其中 export path(路径) 是配置数据路径，因为我没有将路径写入bashrc中，所以每次要申明路径。
export CUDA_VISIBLE_DEVICES 是配置哪个GPU被使用

这里依次训练五折交叉验证！！！

如果遇到训练中断，使用断电继续训练

因为训练每50epoch会保存一下断点，在终端训练命令后面添加 -c 就可以接着训练断点开始继续训练。

nnUNet_train 2d nnUNetTrainerV2 'Task001_OCTSeg' 0 --npz -c

!!记得先配置路径

测试

参考测试连接

确定最佳 U-Net 配置

训练完所有模型后，使用以下命令自动确定用于测试集预测的 U-Net 配置：

nnUNet_find_best_configuration -m 2d 3d_fullres 3d_lowres 3d_cascade_fullres -t XXX

（所有指定配置都需要完成5折！）

在未配置级联的数据集上，请改用 -m 2d 3d_fullres。如果您只想探索配置的某些子集，可以使用 -m 命令指定。其他选项可用（使用 -h 寻求帮助）。

运行推理

请记住，位于输入文件夹中的数据必须符合此处指定的格式。

nnUNet_find_best_configuration 将使用您需要使用的推理命令向终端打印一个字符串。运行推理的最简单方法是简单地使用这些命令。

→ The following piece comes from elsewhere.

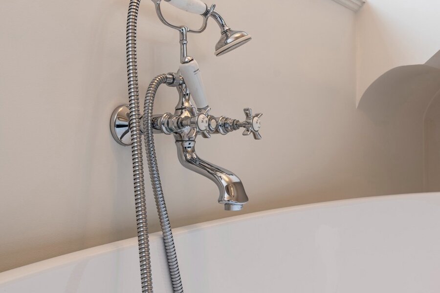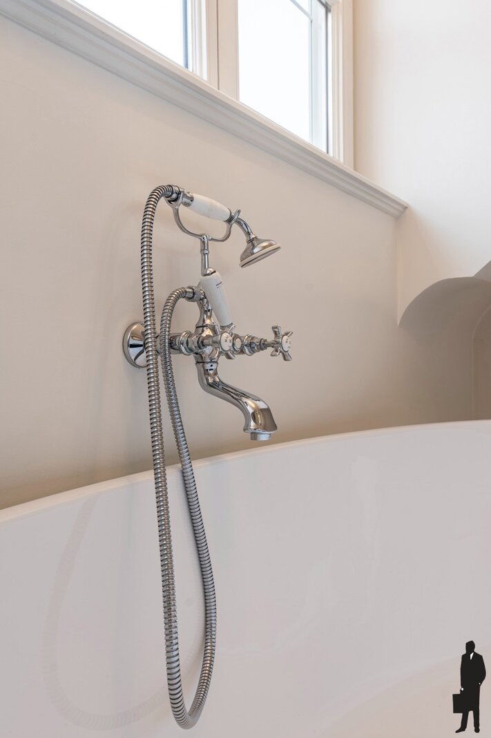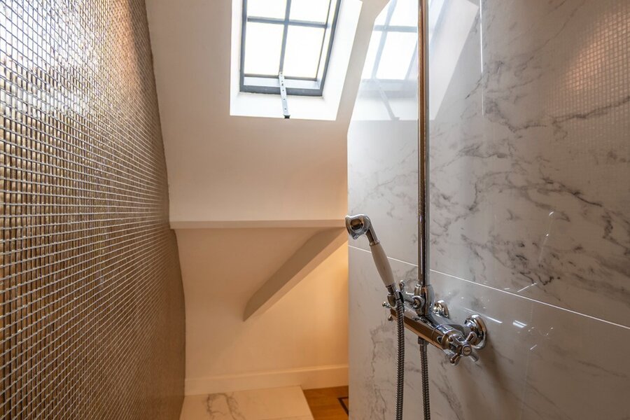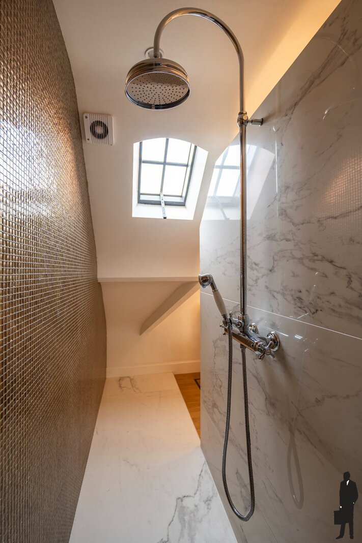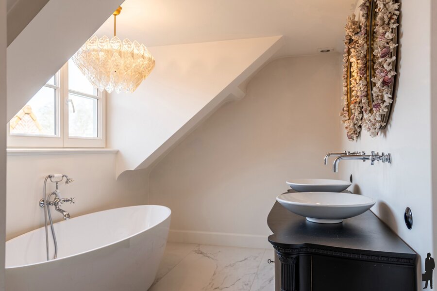 - Badkamer met inloopdouche, vrijstaand bad, dubbele wastafel en toilet

nnUNet_find_best_configuration -m 2d  -t 001

如果您希望手动指定用于推理的配置，请使用以下命令：

对于每个所需的配置，运行：

nnUNet_predict -i INPUT_FOLDER -o OUTPUT_FOLDER -t TASK_NAME_OR_ID -m CONFIGURATION --save_npz

export nnUNet_raw_data_base="/home/lus/Project/datasets/nnUNet/nnUNet_raw_data_base"
export nnUNet_preprocessed="/home/lus/Project/datasets/nnUNet/nnUNet_preprocessed"
export RESULTS_FOLDER="/home/lus/Project/datasets/nnUNet/nnUNet_trained_models"
nnUNet_predict -i /home/lus/Project/datasets/nnUNet/nnUNet_raw_data_base/nnUNet_raw_data/Task001_OCTSeg/imagesTs -o /home/lus/Project/datasets/nnUNet/output -t 001 -m 2d -f 1

如果您打算使用集成，请仅指定 --save_npz。 --save_npz 将使命令将 softmax 概率与需要大量磁盘空间的预测分段掩码一起保存。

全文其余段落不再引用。